アル兄さんの、きょとんとした顔を見ていれば


「マリアは、ファーンボローしか利用した事が無かったな」


「うん」


「イギリスの他の空港は入国審査、荷物の受け取り、税関の手続きで1時間近くも掛かるし、特にヒースローの入国審査はかなり厳しいんだよ」


マーク兄さんが再び詳しく説明してくれる。


「その点、ファーンボロー空港はプライベートジェット専用の空港だから特殊なんだ。チャーター利用者を除いては、殆どパスポート審査で終わるから手続きも早い。そのパスポート審査も機内で済ませられるから人混みに煩わされる事も無いんだ。わかった?」


「うん……」


今まで、手続きも全てマーク兄さんにやってもらっていたから私はジェットに乗るだけだったけど……イギリスに入国するのって、大変なんだ。
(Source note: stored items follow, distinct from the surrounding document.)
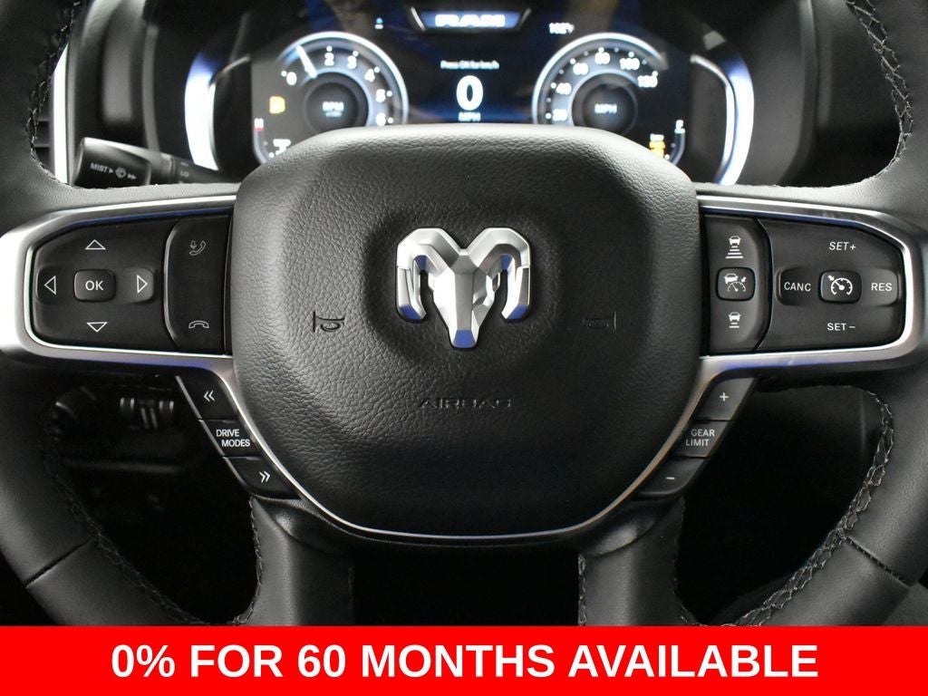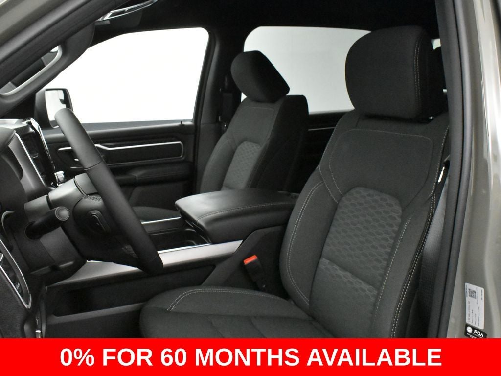1500 Big Horn/Lone Star, 4D Crew Cab, HEMI 5.7L V8 Multi Displacement VVT eTorque, 8-Speed Automatic, 4WD, Canyon Lake, Black w/Cloth Bucket Seats, 115V Auxiliary Power Outlet, 115V Auxiliary Rear Power Outlet, 12 Touchscreen Display, 2nd Row in Floor Storage Bins, 3 Rear Seat Head Restraints, 4 Way Front Headrests, 4-Wheel Disc Brakes, 400W Inverter, 4G LTE Wi-Fi Hot Spot, 9 Amplified Speakers with Subwoofer, ABS brakes, Accent Color Door Handles, Accent Color Premium Power Mirrors, Accent Color Tailgate Handle, Air Conditioning ATC with Dual Zone Control, Alloy wheels, Anti-Spin Differential Rear Axle, Apple CarPlay/Android Auto, Auto Power-Folding Mirrors, Auto-Dimming Exterior Driver Mirror, Auto-Dimming Rear-View Mirror, Big Horn Level 2 Equipment Group, Black Exterior Mirrors, Black Exterior Truck Badging, Black Headlamp Bezels, Black Interior Accents, Black Painted Exterior Mirrors Caps, Black Premium Power Mirrors, Black Tail Lamp Bezels, Body Color Fender Flares, Body Color Front Bumper, Body Color Rear Bumper with Step Pads, Bucket Seats, Center Console Parts Module, Cluster 7.0 TFT Color Display, Configurable Drive Mode, Connected Travel and Traffic Services, Connectivity - US/Canada, Convex Wide-Angle Exterior Mirror Insert, Deluxe Cloth Bucket Seats, Disassociated Touchscreen Display, Dual Exhaust with Black Tips, Dual front impact airbags, Dual front side impact airbags, Exterior Mirrors Courtesy Lamps, Exterior Mirrors with Heating Element, Exterior Mirrors with Supplemental Signals, Front Seat Back Map Pockets, Full Length Floor Console, Global Telematics Box Module, Glove Box Lamp, Google Android Auto, GPS Antenna Input, GPS Navigation, Grille Black Surround Black Mesh, HD Radio, Heated Front Seats, Heated Steering Wheel, Integrated Center Stack Radio, Integrated Voice Command with Bluetooth®, Leather Wrapped Steering Wheel, LED Dome Lamp with on/Off Switch, LED Footwell Lighting, Low tire pressure warning, Manual Adjust 4-Way Front Passenger Seat, Media Hub with 2 Charge Only USBs, Mopar Black Tubular Side Steps, Night Edition, Outside temperature display, Overhead LED Lamps, Panic alarm, ParkView Rear Back-Up Camera, Power 2-Way Driver Lumbar Adjust, Power Adjust 8-Way Driver Seat, Power Adjustable Pedals, Power door mirrors, Power steering, Power windows, Premium Overhead Console, Quick Order Package 27Z Big Horn, Radio: Uconnect 5 Navigation with 12.0 Display, RAM Grille Badge - Black, Rear 60/40 Folding Seat, Rear Center Armrest, Rear Power Sliding Window, Rear Window Defroster, Remote keyless entry, Remote Tailgate Release, Security Alarm, SiriusXM Radio Service, SiriusXM with 360L, Speed control, Steering Wheel Mounted Audio Controls, Sun Visors with Illuminated Vanity Mirrors, Tilt steering wheel, Trailer Brake Control, Universal Garage Door Opener, USB Host Flip, Wheels: 20 x 9.0 Aluminum Painted Clad.
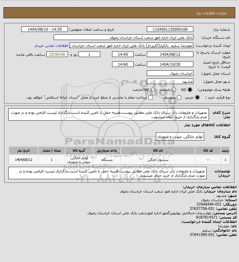 توضیحات خریدار:تجهیزات و ملزومات زادر سرای بانک ملی مطابق پیوست.هزینه حمل با تامین کننده است.بارگذاری لیست الزامی بوده و در صورت عدم بارگذاری از خرید حذف میشوید.
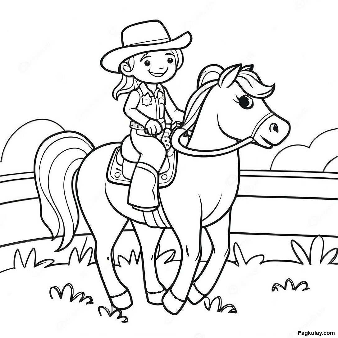 Cute Na Cowgirl Na Nakasakay Sa Kabayo Pahina Ng Kulay 76320 19209
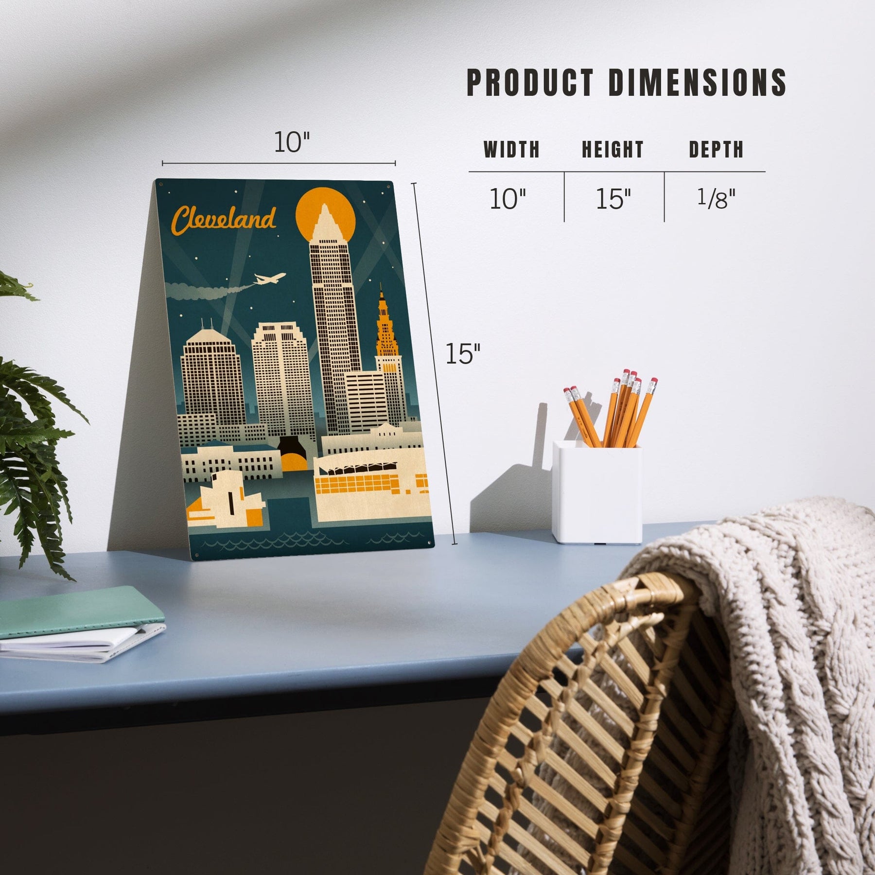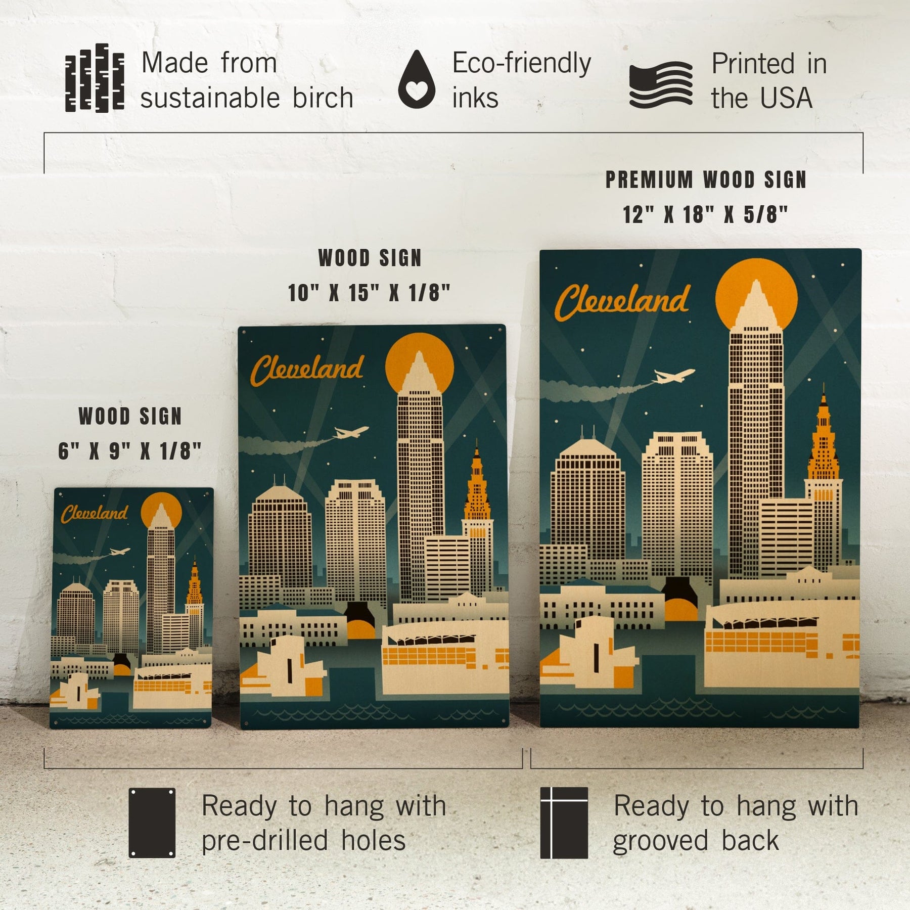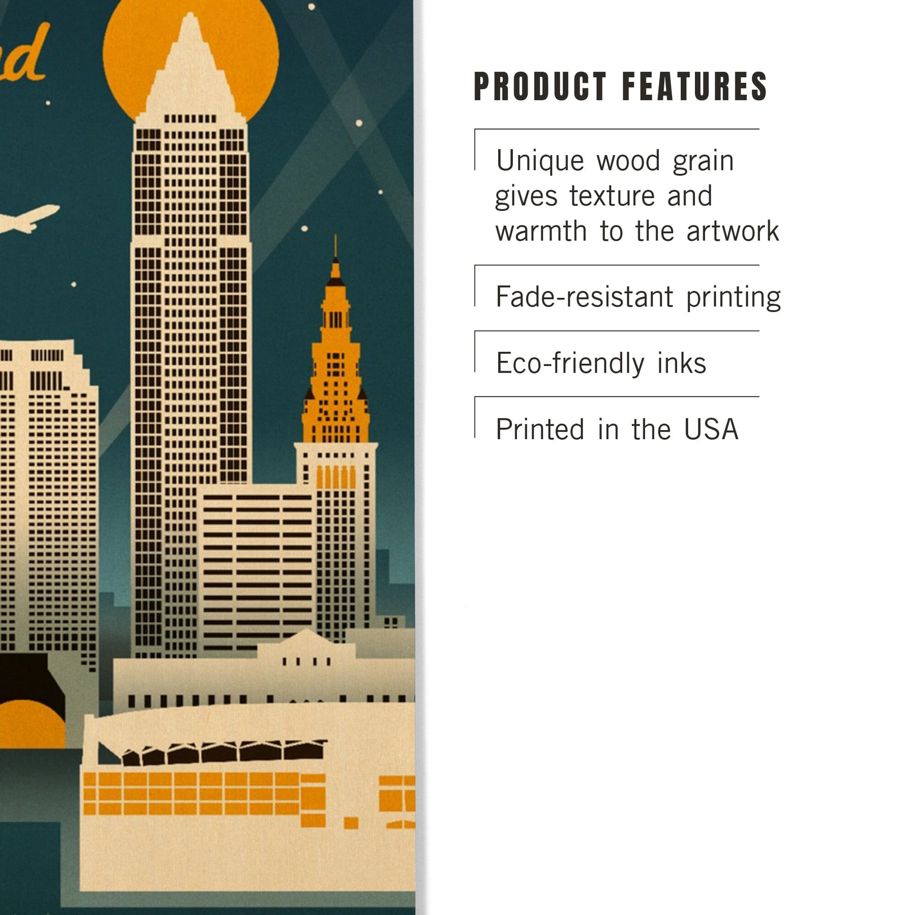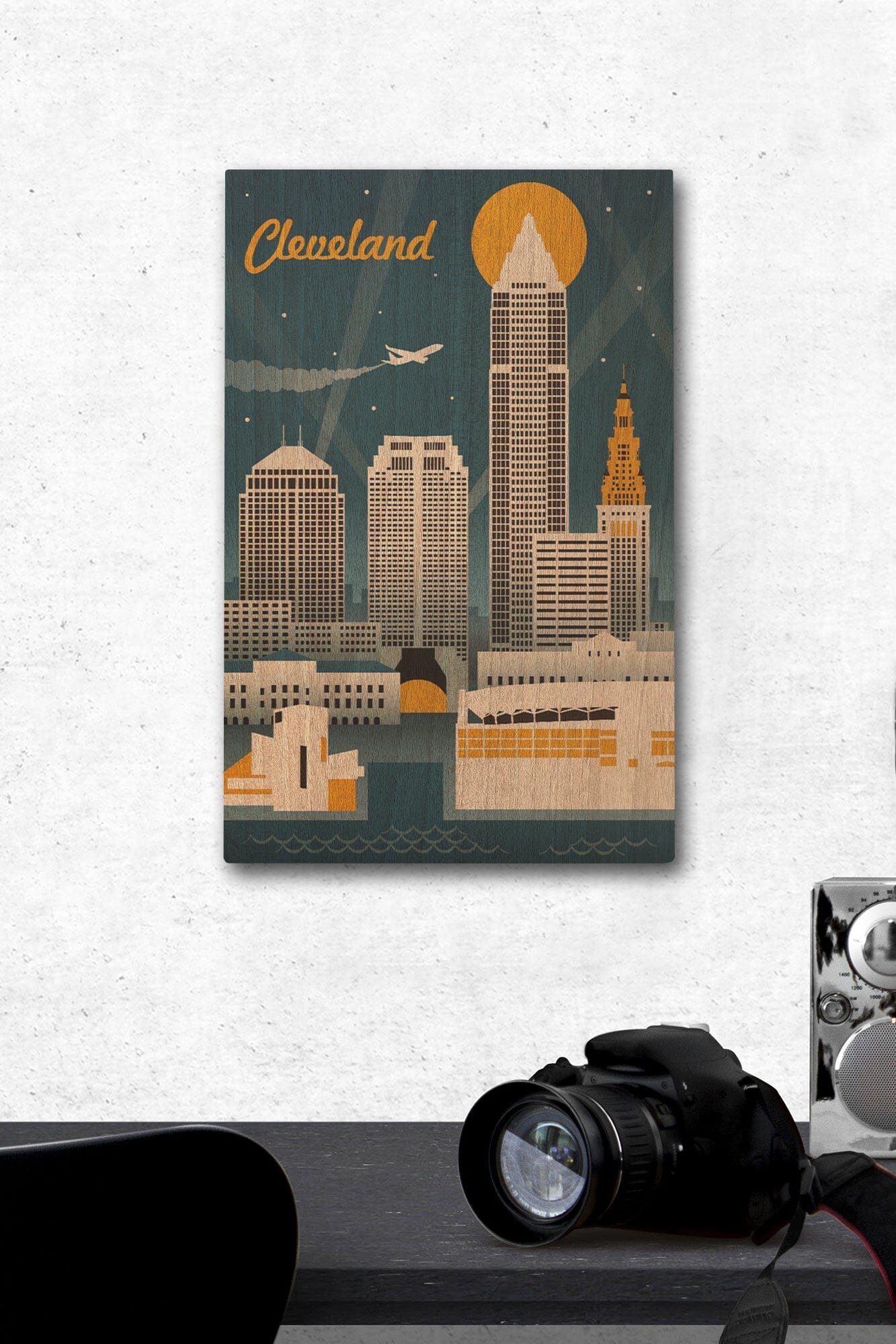 Cleveland, Ohio, Retro Skyline, Lantern Press Artwork, Wood Signs and Postcards
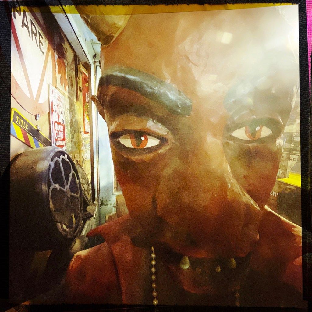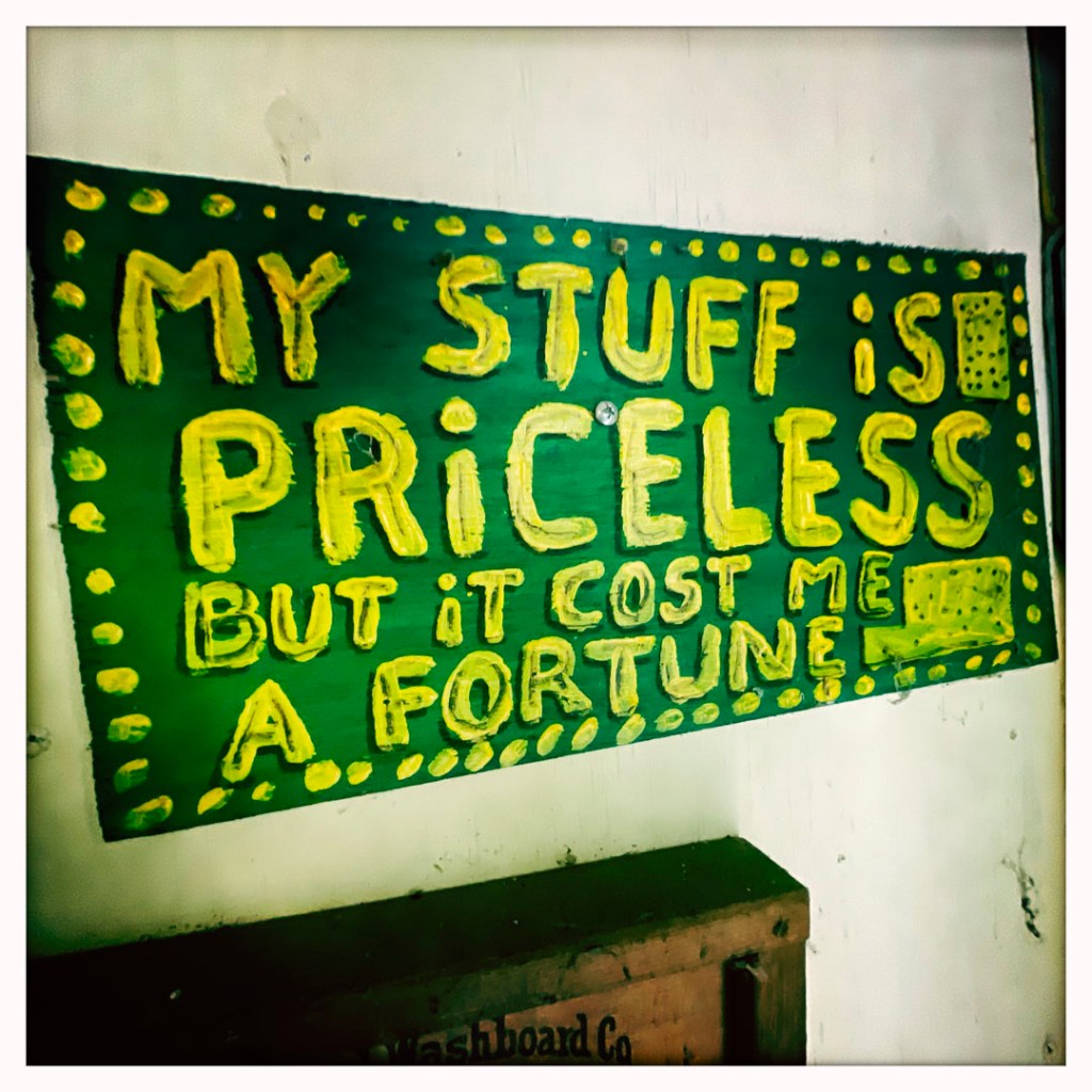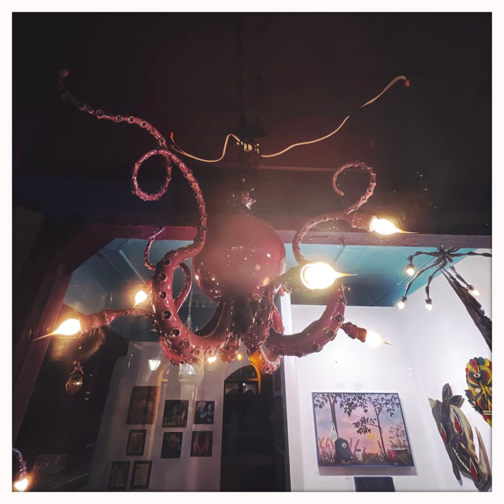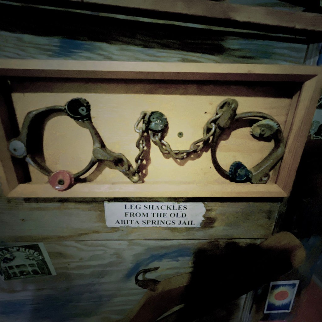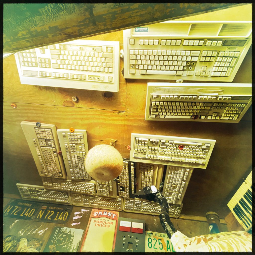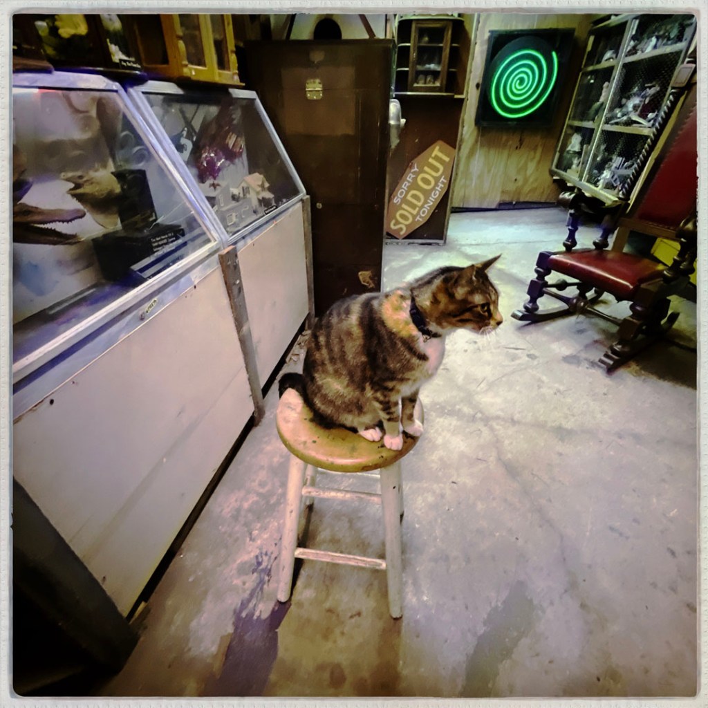 On ouvre la porte. La porte vers le bordel le plus merveilleux dans lequel je ne sois jamais rentrée. Ça va être difficile de tout décrire. Ça commence par un « palier » derrière la grosse cabane en bois, et y’a une autre cabane en bois. Et là, c’est formidable. TOUT. On ne sait plus où donner de la tête, car, de fait, y’a objets, des affiches, des automates, des taxidermies folles. On mets des quarters dans des machines qui font bouger des trucs, qui prédisent ce qu’on va manger (j’ai eu des tiques et des crevettes).

そんな事を考えていれば、リビングにある大時計をちらりと見たマーク兄さんに頭を撫でられる。


「さぁ、もう真夜中だ。マリアも、そろそろ寝なさい」


つられて時計を見れば、既に深夜2時を過ぎていて。


「本当だ……じゃあ、寝るね。おやすみなさい」


「「おやすみ」」


立ち上がって、兄さん達に挨拶をしながら部屋の扉を開けると


「温かくして寝るんだぞ」


背後から聞こえてきたマーク兄さんの声に頷いて、ゆっくりと扉を閉める。

寝ろと言われても、具合の悪い魁さんが気になって仕方がない私は、自分の部屋とは反対方向に向かって歩き出していた。